Wonga.com is a British online firm whose work is based on a simple principle: people often need small amounts of money, quickly, and would be willing to pay hefty amounts in interest if they could get it easily. Wonga provides the liquidity—with an annual interest rate that works out to 5,853%. In earlier times, this business model—which some would call usury—was confined to street corners in less salubrious parts of town. Wonga brought it online and made it simple and transparent. Justin Welby, the archbishop of Canterbury and spiritual head of the Church of England, calls it “morally wrong” (paywall). And he’s out to destroy it.
The Archbishop told Total Politics magazine that he had sat down with Errol Damelin, the head of Wonga, and “said to him quite bluntly we’re not in the business of trying to legislate you out of existence. We’re trying to compete you out of existence.”
It’s not just Wonga that Rev Welby is after but payday lending in general, which is a £2.2 billion ($3.7 billion) industry in the United Kingdom. The Church plans to engage Britain’s 500-odd credit unions and give them access to the Church’s network of 16,000 premises across the country. The Church has also started its own credit union for its staff. The Archbishop admitted it would be a “decade-long process,” but the end result would be to make credit unions much more engaged and professional.

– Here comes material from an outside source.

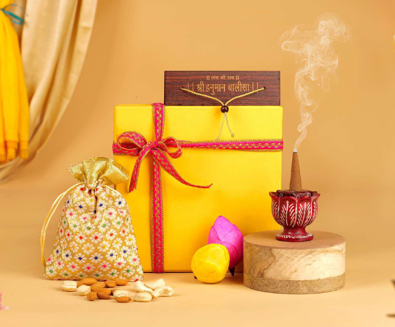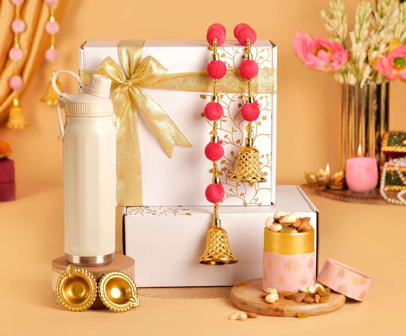 Wedding Gift including decorative hanging bells, a gift box, Diyas, decorative candle

It is a nice idea, but Britain’s payday lenders are a formidable force. Wonga itself, which started just five years ago in early 2008—just before a full-blown recession but at a time when credit was increasingly hard to come by in Britain—has grown from a promising start-up into a powerful company. It has expanded into lending to business, has its named splashed across soccer jerseys and is said to be considering an IPO with a valuation of $1 billion. It will be a battle of biblical proportions—or at least one that encourages biblical metaphors.